## [Records shown]
┄┄┄┄┄┄┄┄┄┄┄┄┄┄┄┄┄┄┄┄
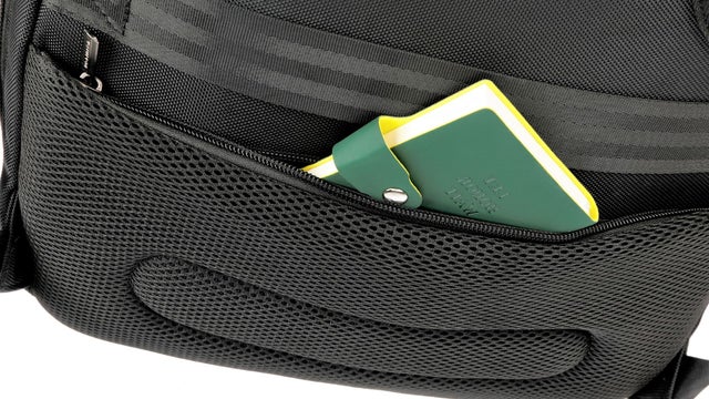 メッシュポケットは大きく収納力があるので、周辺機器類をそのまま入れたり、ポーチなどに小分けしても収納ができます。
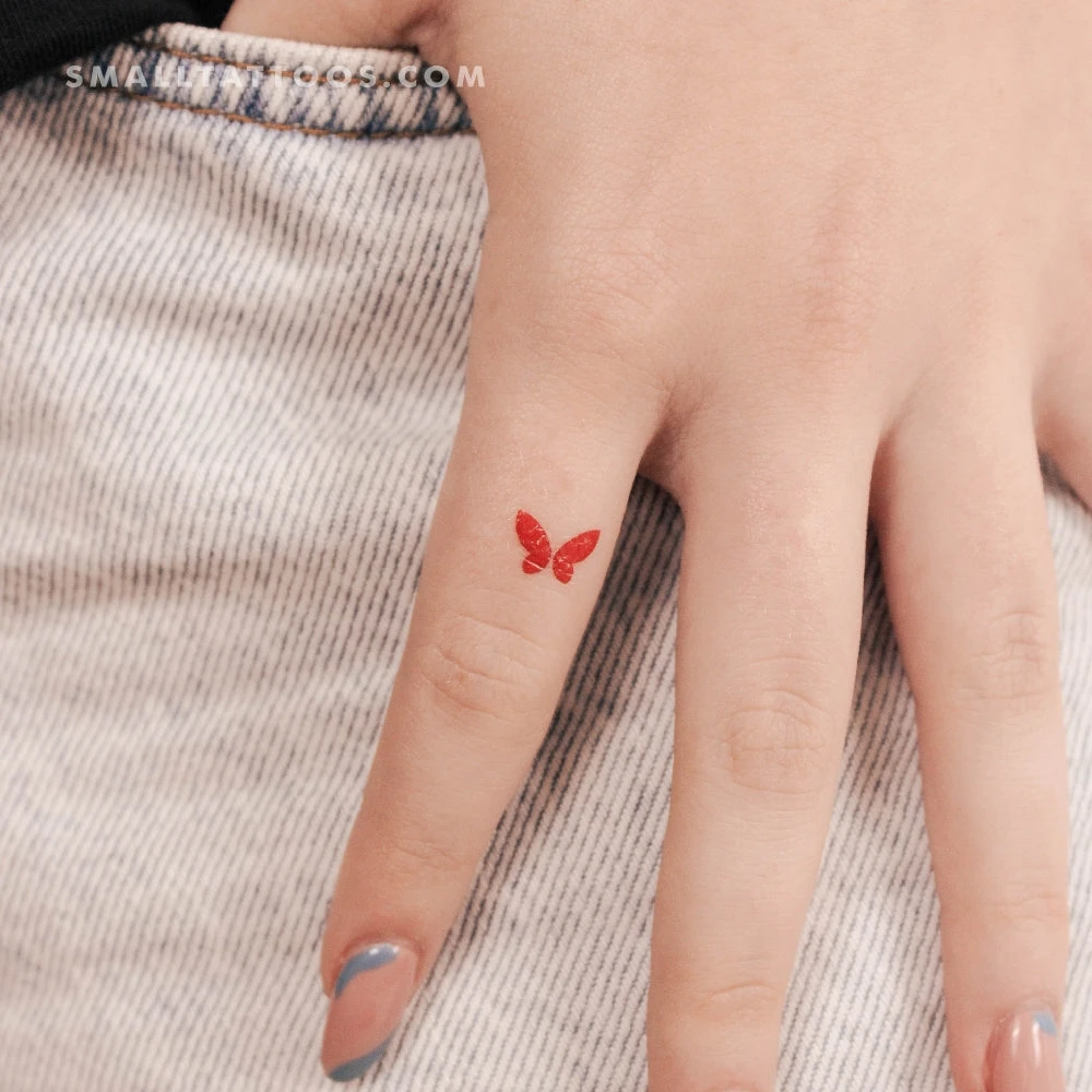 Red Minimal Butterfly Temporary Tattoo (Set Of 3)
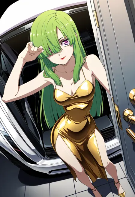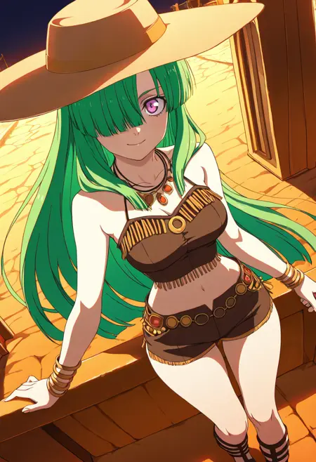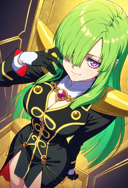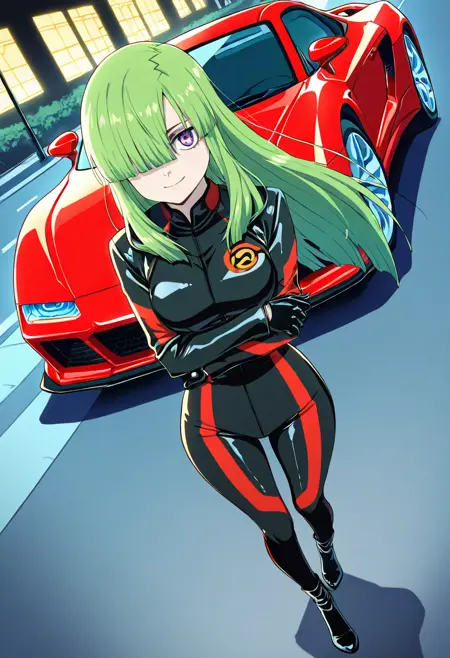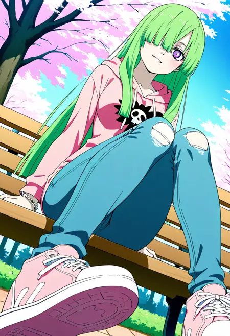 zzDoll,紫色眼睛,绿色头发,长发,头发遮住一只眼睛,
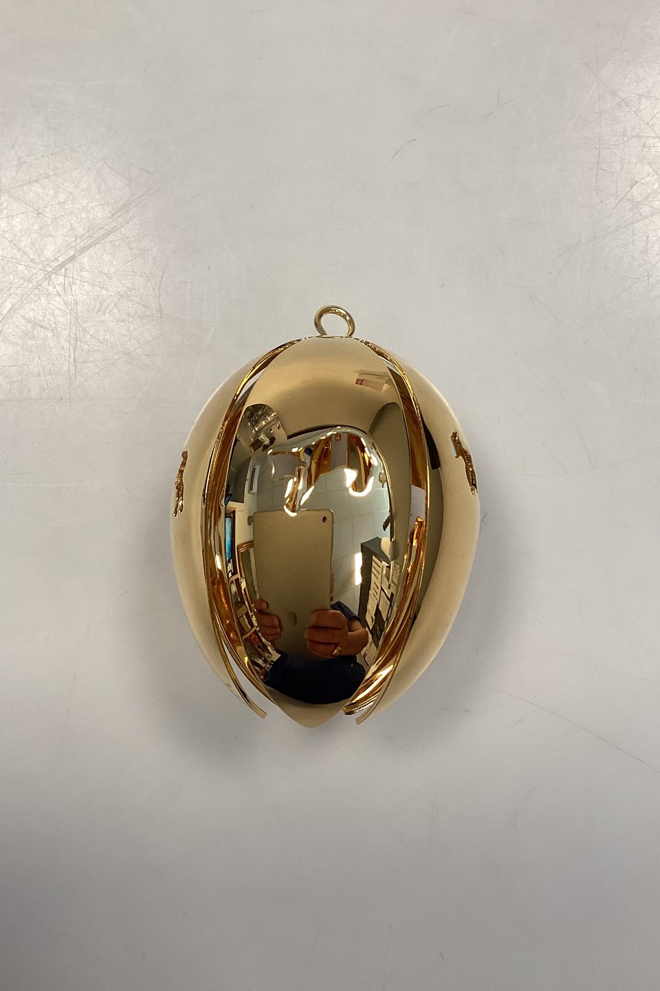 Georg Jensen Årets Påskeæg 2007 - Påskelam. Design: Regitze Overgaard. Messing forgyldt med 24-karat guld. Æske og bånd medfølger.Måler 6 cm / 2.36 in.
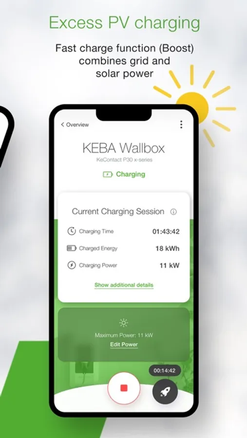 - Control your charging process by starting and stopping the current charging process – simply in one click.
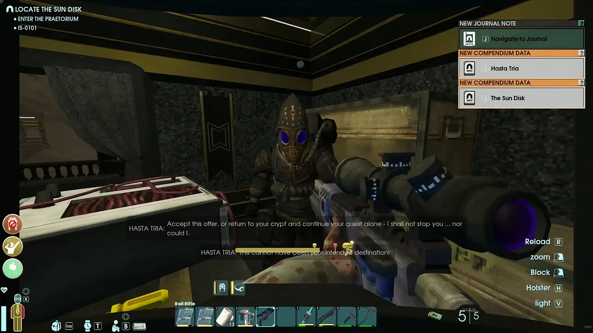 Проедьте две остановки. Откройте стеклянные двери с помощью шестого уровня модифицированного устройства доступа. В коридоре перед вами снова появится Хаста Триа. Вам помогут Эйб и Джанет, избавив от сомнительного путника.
┄┄┄┄┄┄┄┄┄┄┄┄┄┄┄┄┄┄┄┄
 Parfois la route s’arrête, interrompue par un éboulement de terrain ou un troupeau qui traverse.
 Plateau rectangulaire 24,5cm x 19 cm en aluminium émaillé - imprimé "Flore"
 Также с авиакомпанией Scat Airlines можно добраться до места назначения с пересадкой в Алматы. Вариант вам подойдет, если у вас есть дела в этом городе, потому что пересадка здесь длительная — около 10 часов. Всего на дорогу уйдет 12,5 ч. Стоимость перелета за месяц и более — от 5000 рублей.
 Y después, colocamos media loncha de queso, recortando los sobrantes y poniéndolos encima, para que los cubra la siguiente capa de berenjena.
┄┄┄┄┄┄┄┄┄┄┄┄┄┄┄┄┄┄┄┄
## [What the task asks]
In the listing above, find the line containing "メッシュポケットは大きく収納" and the line containing "Проедьте две остановки.". Print those two lines and every line between them exactly, with no pictures.

## [Result of the task]
 メッシュポケットは大きく収納力があるので、周辺機器類をそのまま入れたり、ポーチなどに小分けしても収納ができます。
 Red Minimal Butterfly Temporary Tattoo (Set Of 3)
 zzDoll,紫色眼睛,绿色头发,长发,头发遮住一只眼睛,
 Georg Jensen Årets Påskeæg 2007 - Påskelam. Design: Regitze Overgaard. Messing forgyldt med 24-karat guld. Æske og bånd medfølger.Måler 6 cm / 2.36 in.
 - Control your charging process by starting and stopping the current charging process – simply in one click.
 Проедьте две остановки. Откройте стеклянные двери с помощью шестого уровня модифицированного устройства доступа. В коридоре перед вами снова появится Хаста Триа. Вам помогут Эйб и Джанет, избавив от сомнительного путника.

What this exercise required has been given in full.